Dave Breese, The Wealth By Which We Live, 1982, pp. 31-32 (capitals in original)

Some Guys Have All the Luck was a minor hit single for the Persuaders in 1973, and a much bigger hit (undoubtedly because of the wonderfully inspired drumming) for Rod Stewart in 1984. Many people (including this blogger) can identify with the song's title and lyrics. However, as our late brother Dave Breese pointed out, so much is only apparent, as the following recent items illustrate.

As reported by Sam Marsden in the London Daily Telegraph, July 18, 2012:

The decomposing body of heiress Eva Rausing was found under a pile of bedding, clothing and bin bags gaffer-taped together two months after she was last seen alive, a court heard.

Her husband Hans Kristian Rausing, the 49-year-old heir to the Tetra Pak fortune, appeared in court charged with preventing the lawful and decent burial of her body.

West London magistrates’ court heard that officers went to the couple’s £70 million home in Chelsea, west London, and discovered Mrs Rausing’s body in a second-floor bedroom in a “secure annexe” on July 9.

She was lying underneath a pile of clothes, bed linen and bin bags “several feet deep” and was in an “advanced state of decomposition”, the court heard.

Brinkman May, for the prosecution, said Mrs Rausing, 48, was last seen by a financial consultant on May 3.
As reported by Jason Lewis of the Daily Telegraph on July 14, 2012:

The tragic last months of Eva Rausing saw her caught in a spiral of paranoia and despair fuelled by her drug addiction, her friends have disclosed.

The wife of the Tetra Pak heir, who was found dead of a suspected drug overdose on Tuesday, was tormented by fears that she and her husband, Hans Kristian Rausing, were being spied on at the London home they shared.

She had also come to believe they were being targeted by international criminal gangs in the months before her death.

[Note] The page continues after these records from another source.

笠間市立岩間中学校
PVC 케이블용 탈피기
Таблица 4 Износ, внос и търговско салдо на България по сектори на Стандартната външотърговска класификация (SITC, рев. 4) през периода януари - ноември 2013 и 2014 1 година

Her decline has been revealed by the friends she turned to for help in uncovering what she saw as a conspiracy of “bribes, lies and sleaze” against them.

One friend, who has known the couple for more than 20 years, told The Sunday Telegraph how they had turned their £70 million home in London’s Belgravia into a virtual fortress, living in a few upstairs rooms where even their live-in servants were banned from entering.

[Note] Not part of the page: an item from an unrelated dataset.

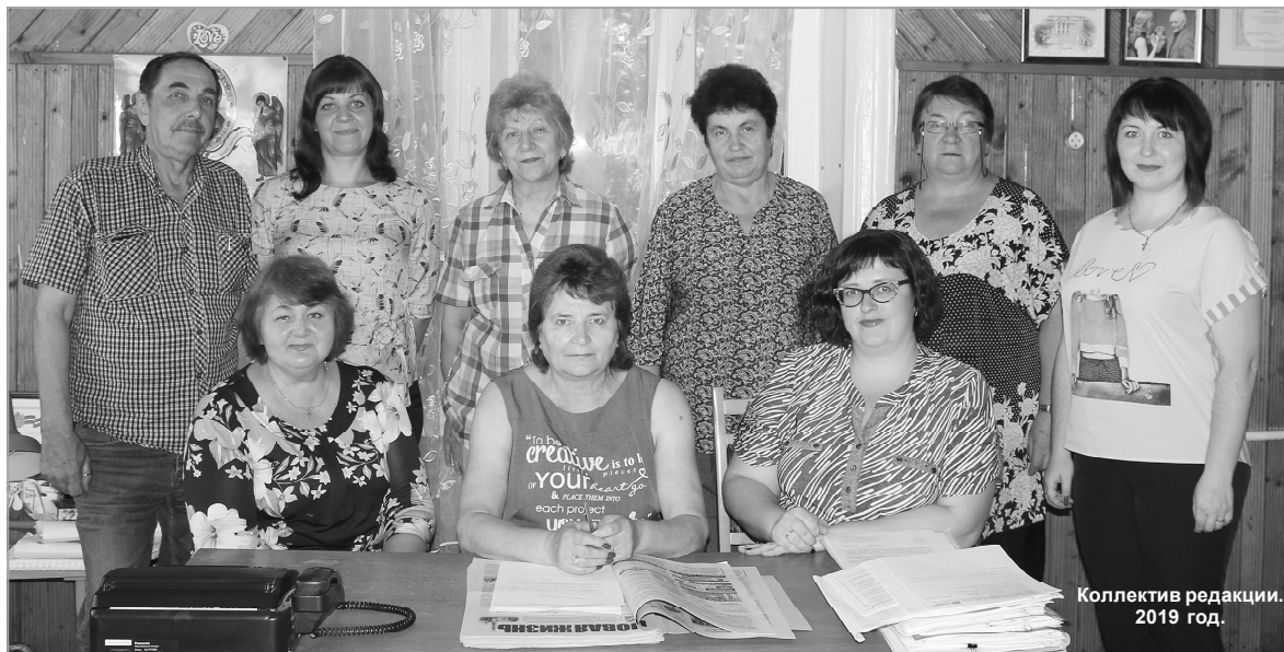
Коллектив редакции. 2019 год.

“Eva said they believed the house was under surveillance and someone who had worked for them and who they trusted was involved. They were really spooked,” the friend said. “She didn’t know what to believe and who to trust...”

...The Rausings, who were friends of the Prince of Wales and had given millions of pounds to charity, had become increasingly isolated following a long battle with addiction which saw both cautioned four years ago by Scotland Yard for drug offences.

In 2008, Mrs Rausing, who met her husband at a rehabilitation clinic, was stopped trying to take class A drugs into an event at the US Embassy in London. Heroin and cocaine were later found in a police search of their home.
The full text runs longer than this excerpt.